“God has wrought many things out of oppression,” begins Martin Luther King, Jr.’s essay occasioned by the 1964 Berlin Jazz Festival. “He has endowed his creatures with the capacity to create—and from this capacity has flowed the sweet songs of sorrow and joy.”
There were names like Miles Davis, Sonny Stitt, and Roland Kirk on the bill. The 1964 festival was the first of the series, and it stood as a celebration of the genre, a recognition of the global impact of jazz. And now a big name was lending his support to the music: civil rights leader Martin Luther King, Jr.
In an earlier visit to Berlin, King had talked about the freedom movement’s work throughout the American South, and how he believed that “the Negro is called to be the conscience of our nation.” Nowhere was that call clearer than in jazz. Although King did not attend the festival in person (as scholars later confirmed), his address appeared in the program.
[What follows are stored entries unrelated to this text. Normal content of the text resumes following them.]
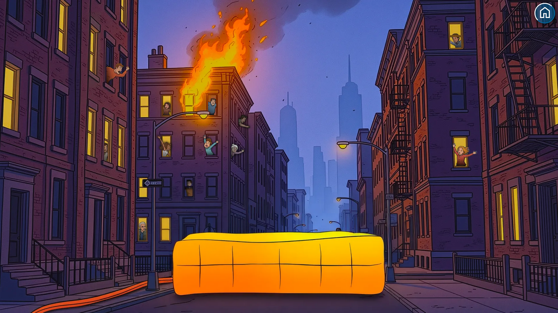 Auf dem Weg müssen Menschen aus einem brennenden Haus gerettet werden. Hierzu wird mit einer Luftpumpe, die vor dem Terminal steht, ein Kissen aufgeblasen.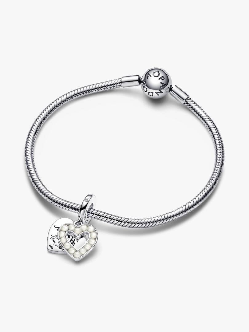 An elegant gift for a mom who loves pearly tones. The Pearlescent White Heart Double Dangle Charm is crafted from sterling silver and features a cut-out heart shape adorned with a row of bioresin man-made mother of pearl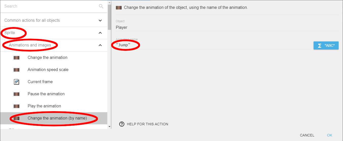 You can also change animations using the number associated with that animation using the action "Change the animation", where you can change the number of the animation being played with the modification symbol.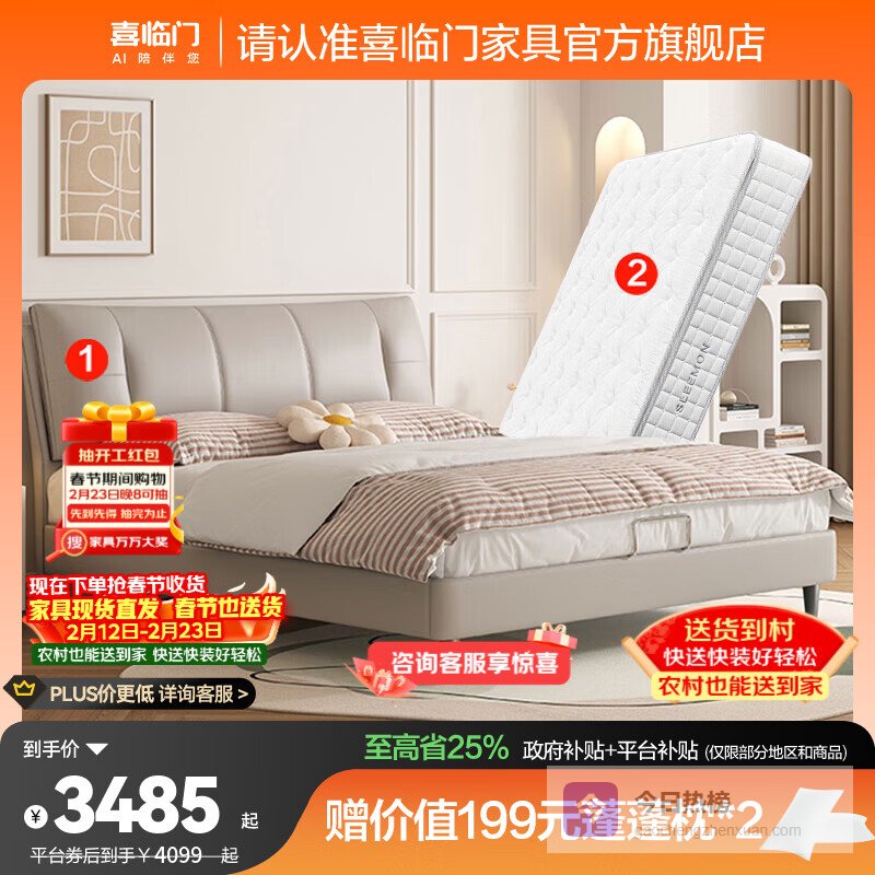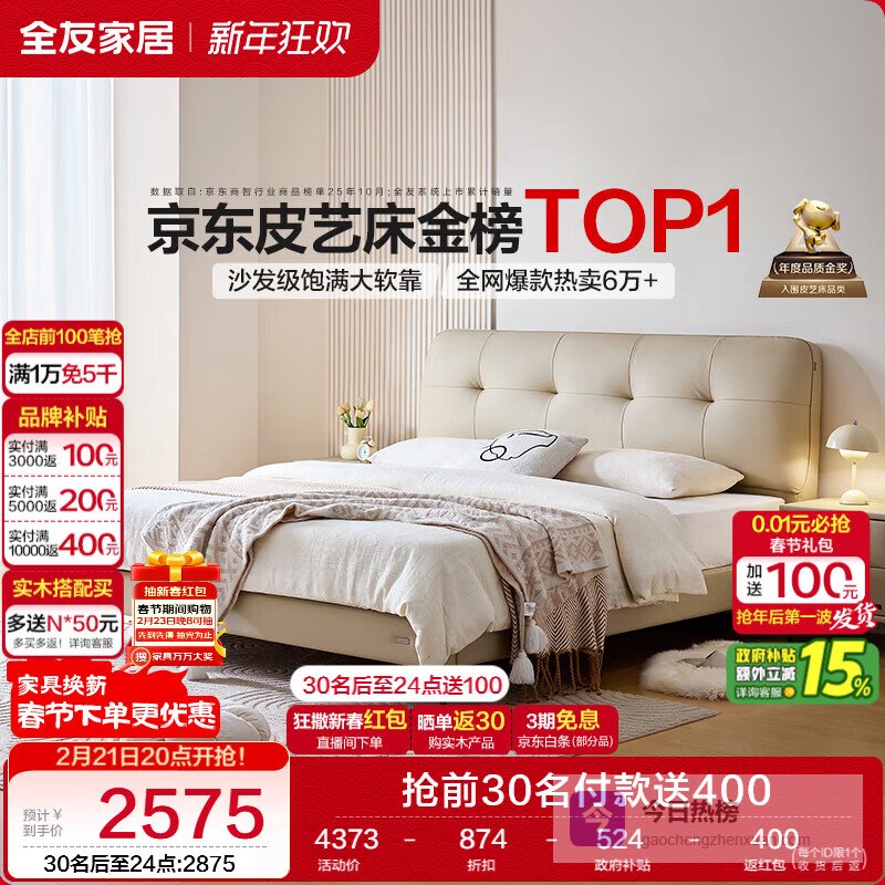 推荐理由:这款全友皮艺床用的沙发级双料软靠背,躺着坐着都觉得特别舒服,特别适合喜欢在床上放松的人。床头的牛皮和猫抓皮选择多,可以根据家里风格挑,手感柔软,又耐用,用得放心。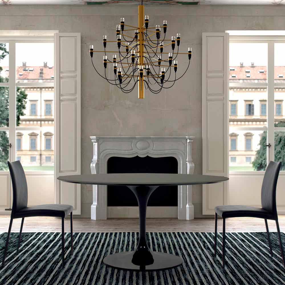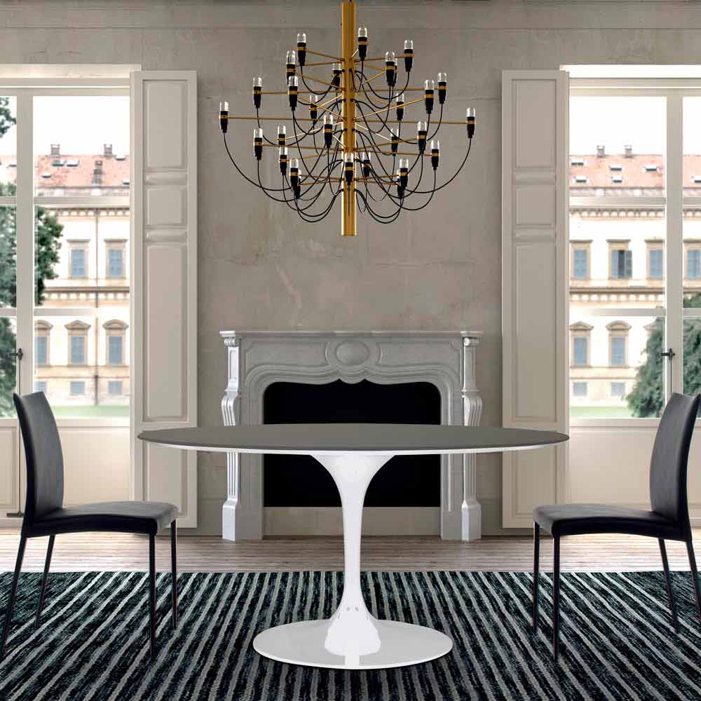 Rundt spisebord i fenix og lakeret aluminium, Made in Italy, høj kvalitet.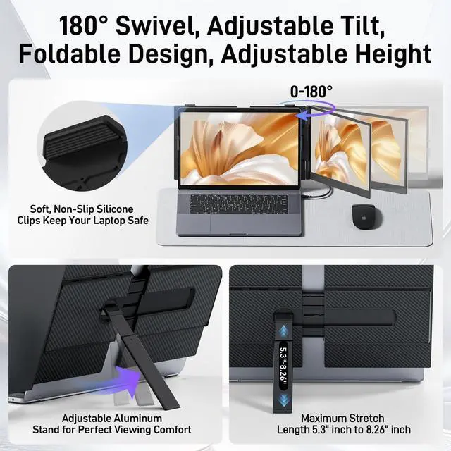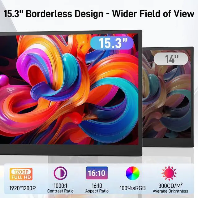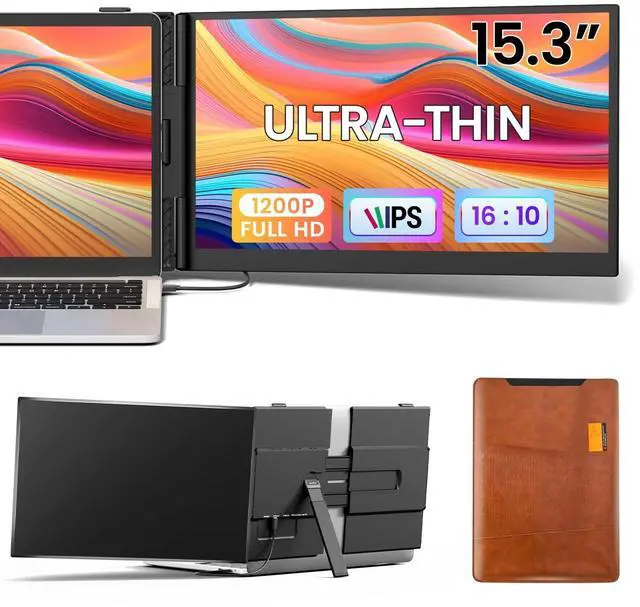 This optimized metal-and-plastic design reduces overall weight and ensures a stable, ergonomic setupperfect for commuting or remote work. ^^ 15.3" FHD 16:10 IMMERSIVE DISPLAYExperience stunning clarity and vibrant colors with this portable laptop monitor, featuring a 15.3 1200P FHD IPS display that covers 100% sRGB color gamut for true-to-life visuals. The 16:10 aspect ratio provides extra vertical workspace, while the ultra-thin bezel design maximizes your screen for seamless multitasking, gaming, and creative work. ^^ PLUG & PLAY DUAL MONITOR SETUPNo software needed. This laptop monitor extender offers true plug-and-play convenience.

There, in that divided city, King, a man who was fighting so hard against the divisions in his own country, was making the connections between the music and the movement.
It was beautiful music, no doubt about it. It was joyful, contemplative, and moving. But it was also a powerful tool in the fight for civil rights. It was music whose greatest stars were Black, and in a country filled with oppression of Black people, that was revolutionary. By the time King gave his speech, the connections between jazz and activism were only getting stronger, both at home and globally. The question isn’t so much why King would speak about the music, but how much of a role jazz played in Black liberation.
There are too many moments, too many painful scars, to name: Emmett Till. The Little Rock Nine. The 16th Street Baptist Church bombing. Too many names and dates and times and places that all amounted to an understanding shared by so many Black Americans: we are not safe. Any of those could have been the one hurt too many that pushed the music into the activist world. Jazz was the perfect artform for the struggle, as just the act of performing, of seeing these powerful Black men and women commanding stages and demanding to be seen as artists was itself “a rebellious political act,” as the scholar Ingrid Monson points out in the Black Music Research Journal. Jazz was changing. While the big band era was a popular and successful one, by the 1940s, younger musicians were looking for a bolder way to assert themselves musically, and bebop was just the thing.